Realizar o Lab AquilombaSul proporcionou uma rede ampliada de realizadores negros da mesorregião de Florianópolis e o entendimento de que não estamos sós, que somos múltiplos aqui, que ninguém consegue nos parar quando nos Aquilombamos, quando temos portas e janelas de possibilidades abertas para alavancar nosso conhecimento, quando temos espaço de acolhimento que faça nossa imaginação voar. É possível construir novos olhares e realizar nossas ideias e narrativas por nós mesmos, sem precisar de intermediários. Por isso, é extremamente fundamental que as políticas públicas atendam às nossas demandas, para sairmos da inexistência e, finalmente, sermos considerados nos dados do setor cinematográfico, reconhecidos pelo poder público e pela sociedade como criadores e profissionais do cinema.
[notas]
(1) Ngugi Wa Thiong’o é escritor queniano e está mencionando Noun Bouzid que é cineasta tunisiano. (apud. TORRES, 2017).

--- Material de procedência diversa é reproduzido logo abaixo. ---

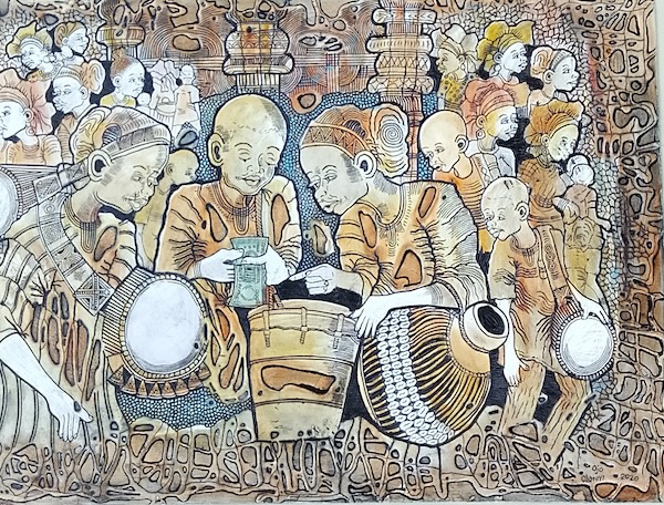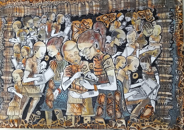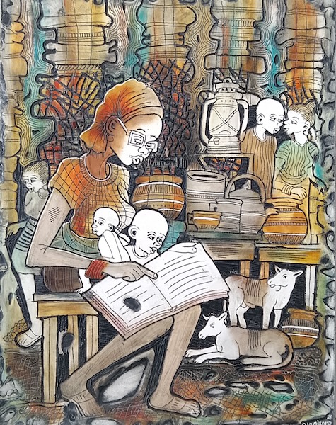 The work of Ojo Olaniyi reflects a richly decorated narrative style depicting everyday scenes in the kaleidoscope of Nigerian life. Olaniyi’s art comprises vignettes of social and commercial life in a technique known as epoxy etching. While each image relates to a particular action of daily life—teaching a child, buying fish at a market, or engaging in money matters—a swirl of graphic decoration is embedded in each print creating a density of pattern and linear description.
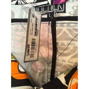 Boldly designed women's jacket with multicolor abstract fish and geometric patchwork print. Crafted with cotton and spandex for comfort. Labeled size large. Zip front with adjustable drawstrings.
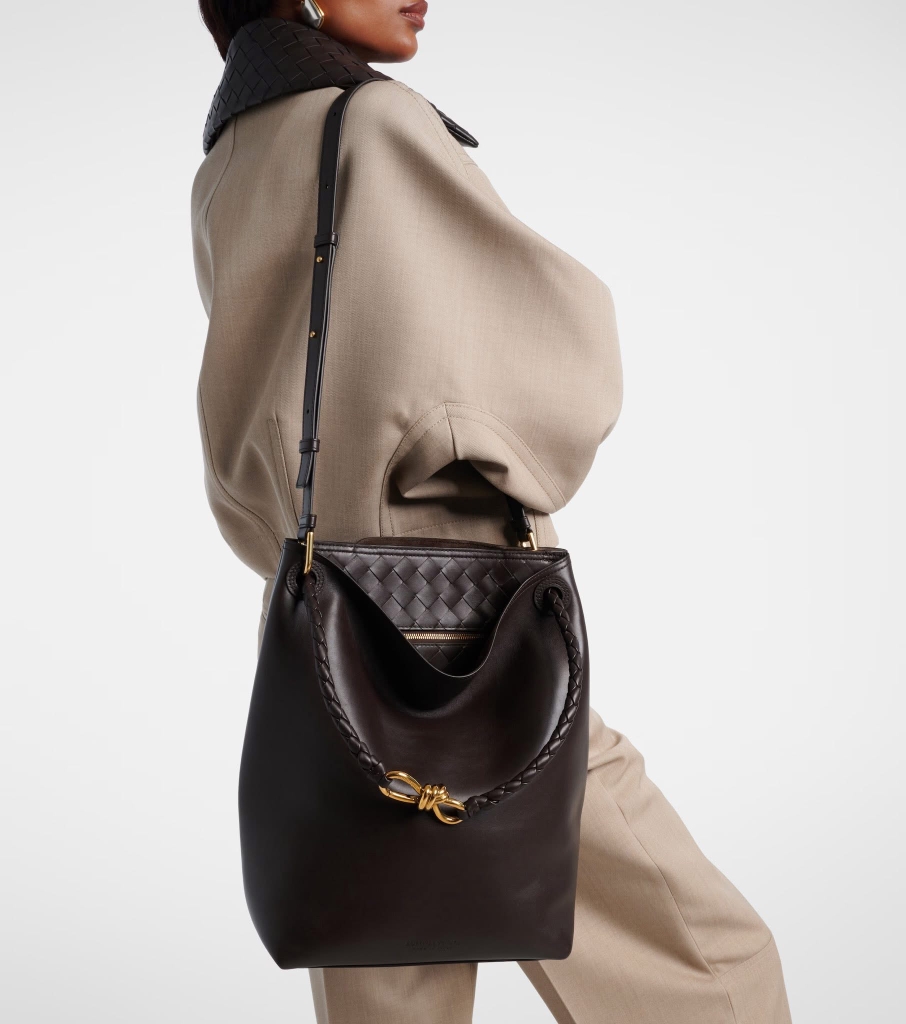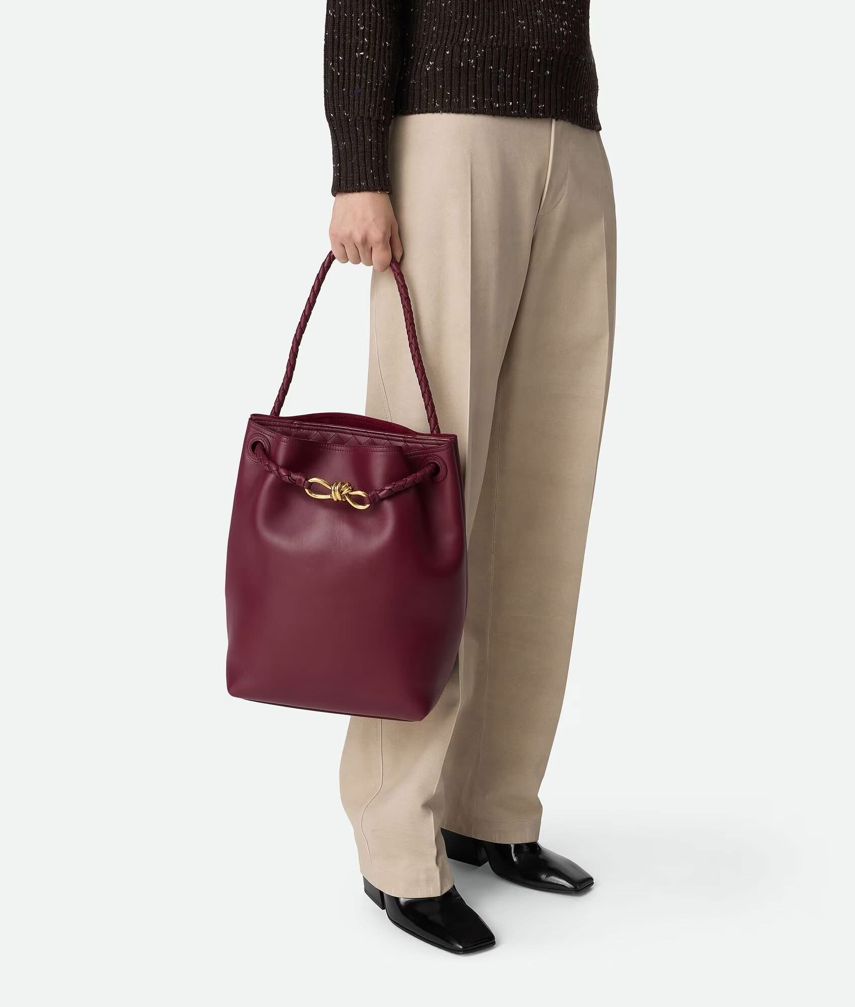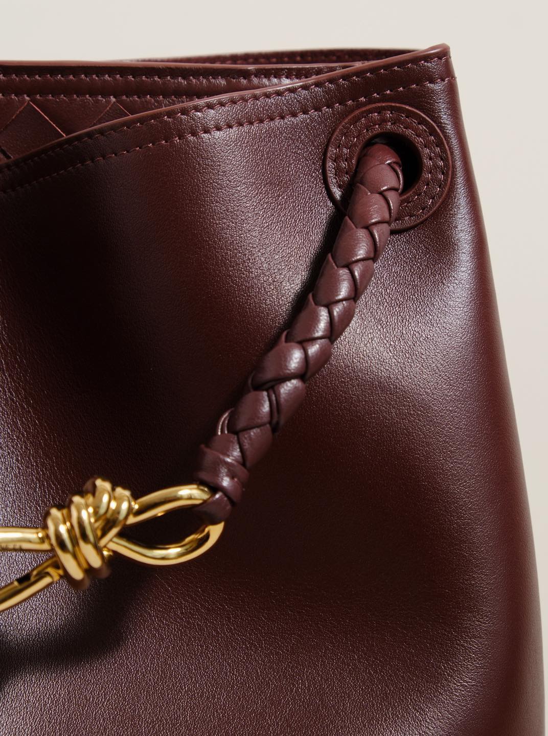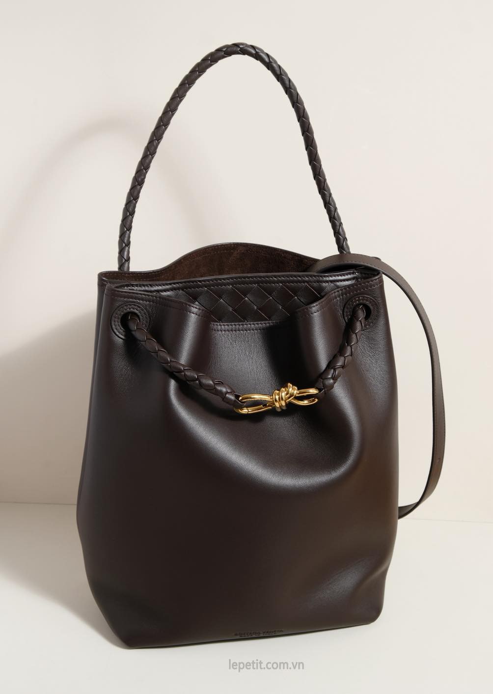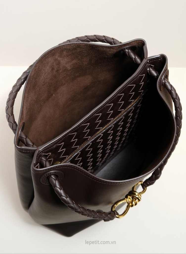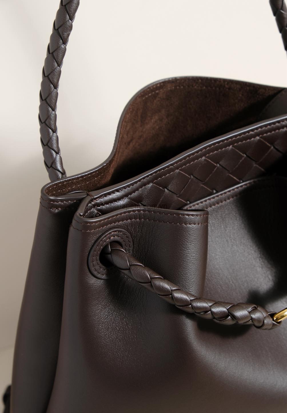 Dáng túi bucket rộng rãi, chất liệu da bê mềm mại & linh hoạt như vải, dấu ấn đặc trưng của dòng Andiamo được thể hiện qua lớp lót đan da Intrecciato ẩn hiện, quai đan và khoá kim loại màu gold, tất cả tạo nên một tổng thể vừa sang trọng vừa phóng khoáng.

(2) Até a escrita desse artigo, não identificamos registro de disciplina de cinema negro como oficial em nenhum curso de Graduação nas escola de cinema do Brasil.
(3) História do Curso de Cinema – Disponível em: https://cinema.ufsc.br/historia
(4) Jorge da Silva, considerado precurso do Cinema Negro Brasileiro. Ator, cineasta, produtor, roteirista e fundador do Centro Afro Carioca de Cinema, espaço de valorização da produção cinematográfica brasileira, africana e caribenha.
(5) Idealizado por Abdias Nascimento nos anos 40 com a proposta de valorização social do negro e da cultura afro-brasileira por meio da educação e arte.
(6) Primeira mulher negra a dirigir um longa-metragem de ficção no Brasil.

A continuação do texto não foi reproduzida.